- Abkhazia and Georgia
- Date: 9 July 1993
- Meeting no.: 3,252
- Code: S/RES/849 (Document)
- Subject: Abkhazia, Georgia
- Voting summary: 15 voted for; None voted against; None abstained;
- Result: Adopted

Security Council composition
- Permanent members: China; France; Russia; United Kingdom; United States;
- Non-permanent members: Brazil; Cape Verde; Djibouti; Hungary; Japan; Morocco; New Zealand; Pakistan; Spain; Venezuela;

= United Nations Security Council Resolution 849 =

1993 United Nations Security Council resolution on Georgia

United Nations Security Council resolution 849, adopted unanimously on 9 July 1993, after noting with concern the recent fighting around Sukhumi in the disputed region of Abkhazia, the Council requested the Secretary-General Boutros Boutros-Ghali to send his Special Envoy to the region in order to reach agreement for a ceasefire between Abkhazia and Georgia, and once implemented, authorised a dispatch of 50 military observers. It was the first Security Council resolution on the conflict.
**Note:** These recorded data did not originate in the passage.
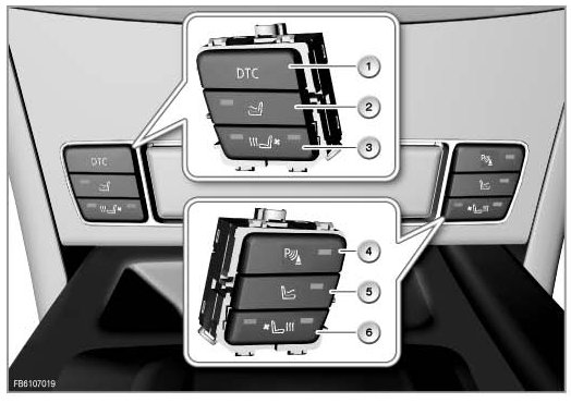 As a general principle, the button for the Dynamic Traction Control (DTC) or Park Distance Control (PDC) is located in the top row. If the vehicle does not have PDC, the button for the luggage compartment lid or roller cover is located here.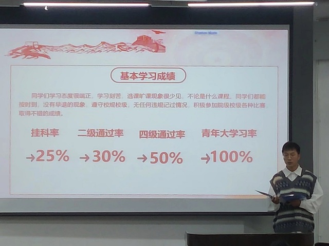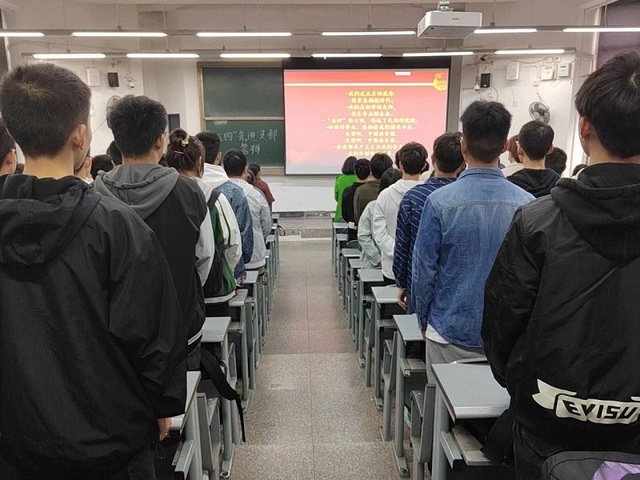 大会在全体奏唱团歌声中开始,两位主持人对答辩流程及相关规则进行介绍。各支部答辩人从支部概况、学习情况、支部荣誉等多个方面对本支部目前的建设成果进行展示,并列举出支部建立以来的青年大学习完成率、四六级通过率、挂科率等各项数据作为本次评优的参考指标。结合当下疫情防控要求,宜宾校区参加本次“五四”评优的两个班级无法参与本次现场答辩,均采用视频录制方式进行。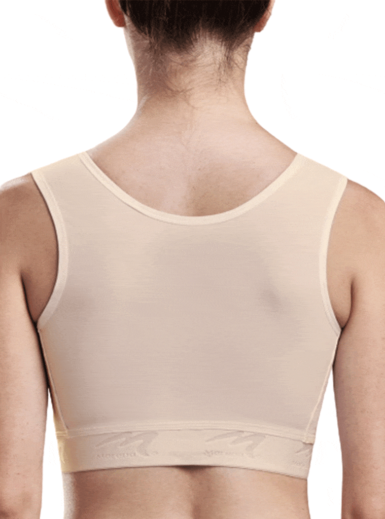 Our new FlexFit™ High-Coverage is designed for comfortable, adjustable support following breast reduction, augmentation, and other aesthetic procedures. This bra features padded hook-&-eye shoulder closures and a microfiber 3-row hook-&-eye front closure for full adjustability. Engineered with our FlexFit™ cups that integrates two cup sizes into one bra and accommodates breast volume variation due to swelling. Additional features include extended length to avoid the inframammary fold, with a soft, elastic band. Our patented TriFlex™ fabric has superior stretch to prevent binding, provides moisture wicking and cooling, and active silver antimicrobial protection. Machine washable.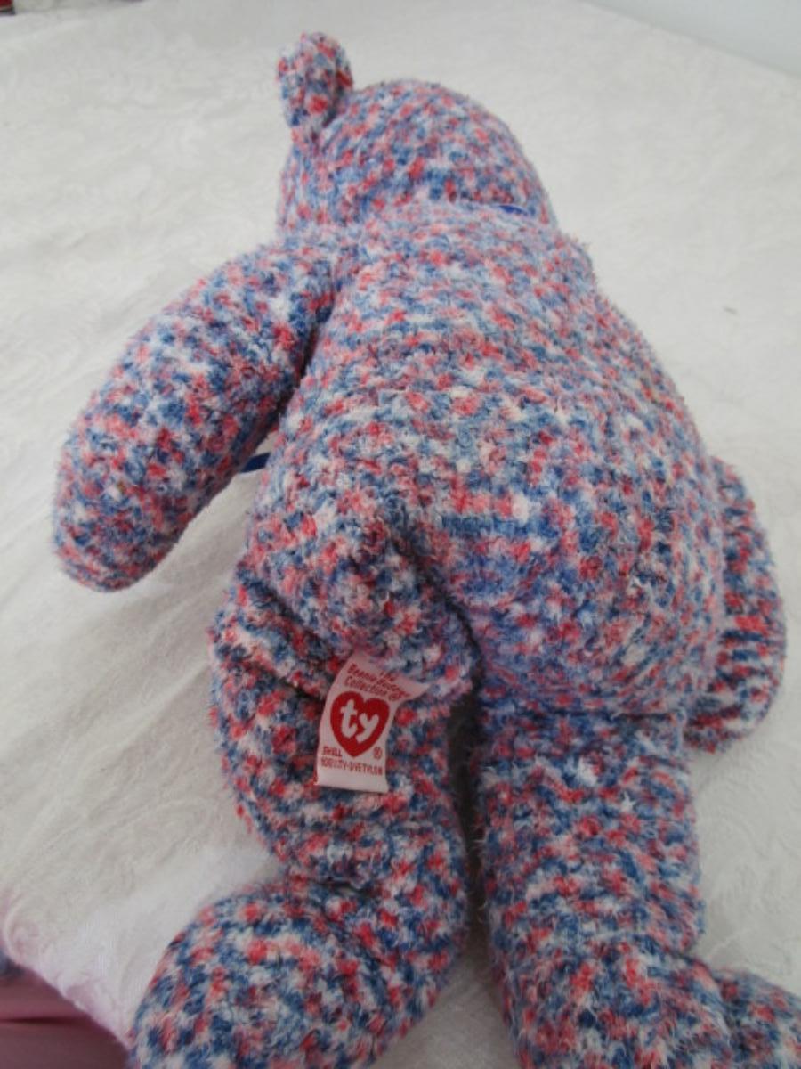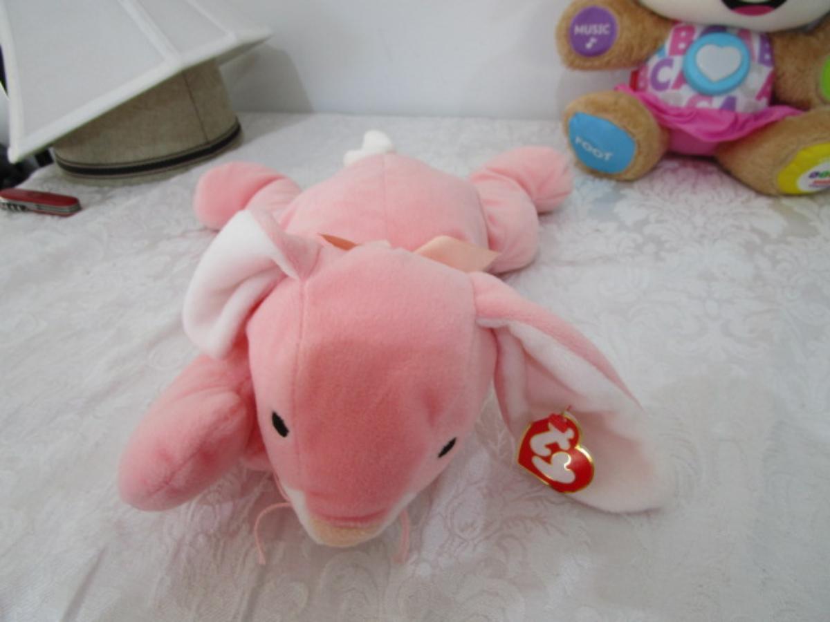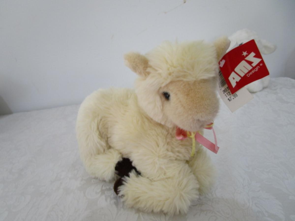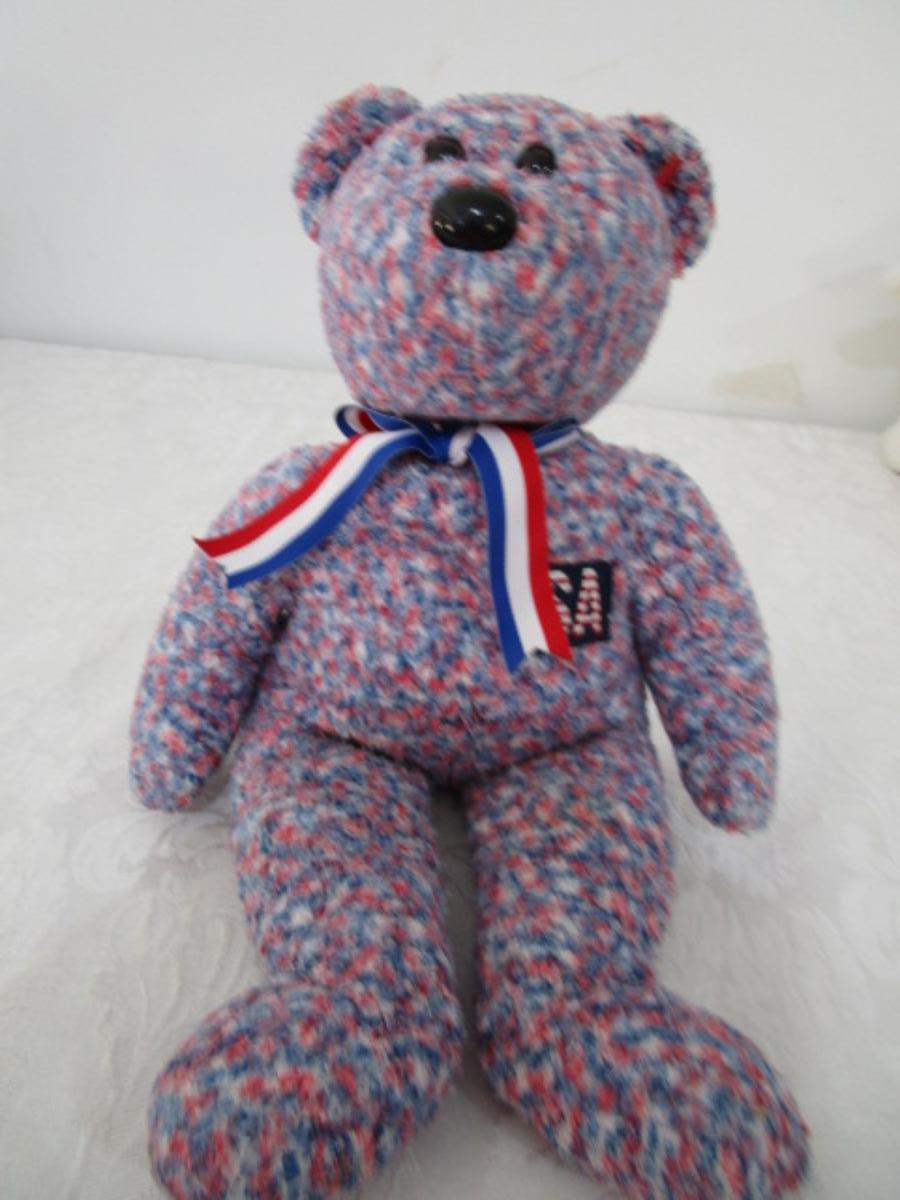 5 stuffed animals one of which is a Fisher Price learning bear
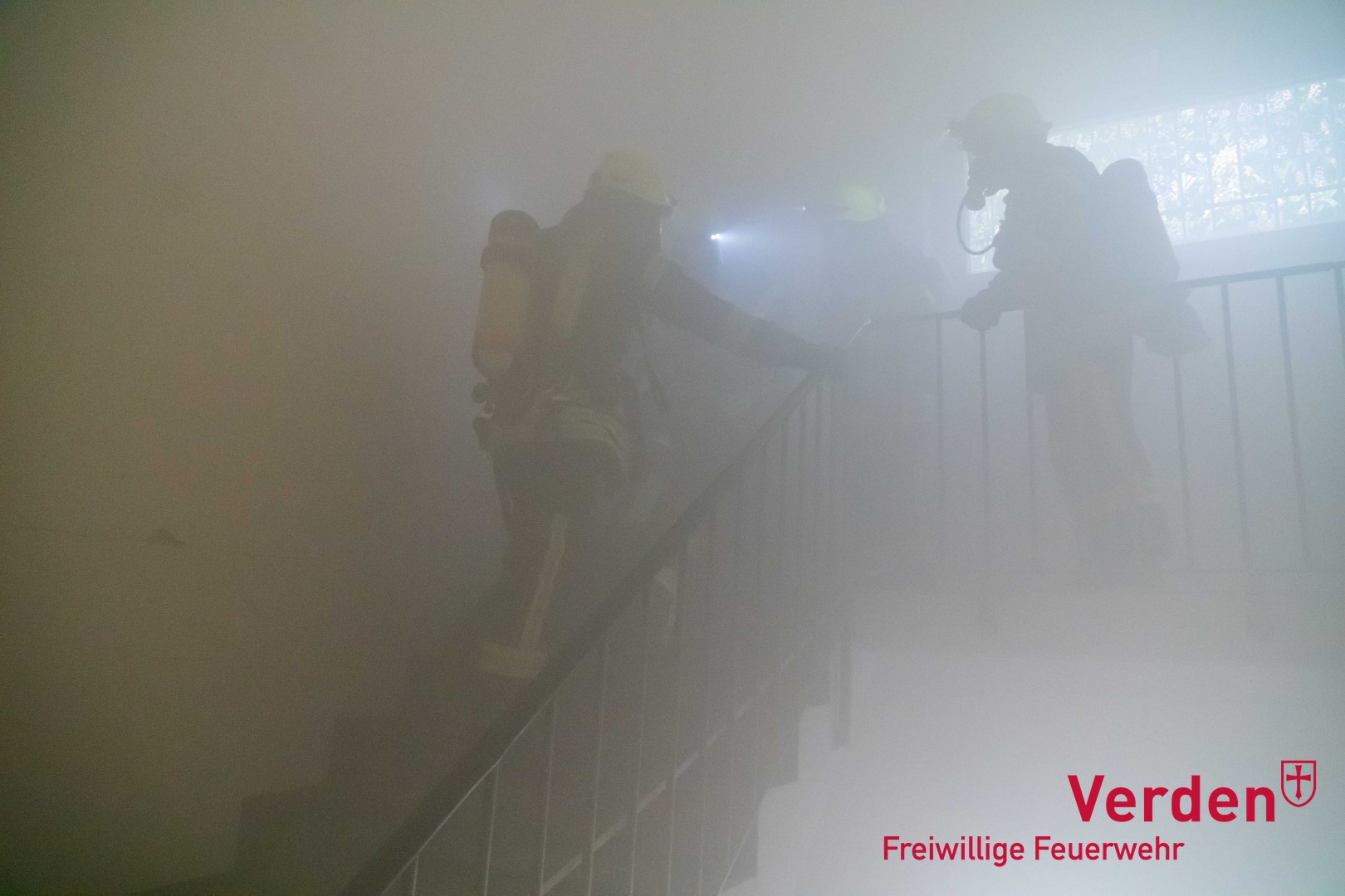Was mit Rauch- und Knalleffektkörpern begann, endete am Dienstagabend in einer großangelegten Einsatzübung von Feuerwehr und Rettungsdienst. Gegen 18:30 Uhr hatte die automatische Brandmeldeanlage der ehemaligen Kaufhalle am Allerufer ausgelöst, woraufhin die Ortsfeuerwehr Verden alarmiert wurde. Noch während der Lageerkundung durch die ersteintreffenden Einsatzkräfte kam es zu einer starken Rauchentwicklung und mehreren simulierten Explosionen, die eine schlagartige Brandausbreitung innerhalb des Einkaufsmarktes darstellen sollten. Ein aus dem Gebäude flüchtender Mitarbeiter gab den Einsatzkräften den Hinweis, dass sich noch zahlreiche Personen im mehrstöckigen Verwaltungs- und Lageranbau, der inzwischen stark verraucht war, befinden sollten. Daraufhin wurden umgehend weitere Einsatz- und Rettungskräfte der Ortsfeuerwehren Dauelsen, Döhlbergen-Rieda, Eitze und Hönisch-Hutbergen sowie vom Deutschen Roten Kreuz, der Johanniter und des Landkreis Rettungsdienstes nachalarmiert.

The Secretary-General was also requested to make recommendations on the mandate of the military observers, while his efforts to launch a peace process involving Abkhazia, Georgia along with Russia as a facilitator and continuing co-operation with the Chairman-in-Office of the Organization for Security and Co-operation in Europe were supported. Finally, the Government of Georgia was requested to enter into discussions with the United Nations on a Status of Forces Agreement to facilitate early deployment of observers.

==See also==
- Georgian–Abkhazian conflict
- List of United Nations Security Council Resolutions 801 to 900 (1993–1994)
- Sukhumi massacre
- United Nations Observer Mission in Georgia
- United Nations resolutions on Abkhazia
- War in Abkhazia (1992–1993)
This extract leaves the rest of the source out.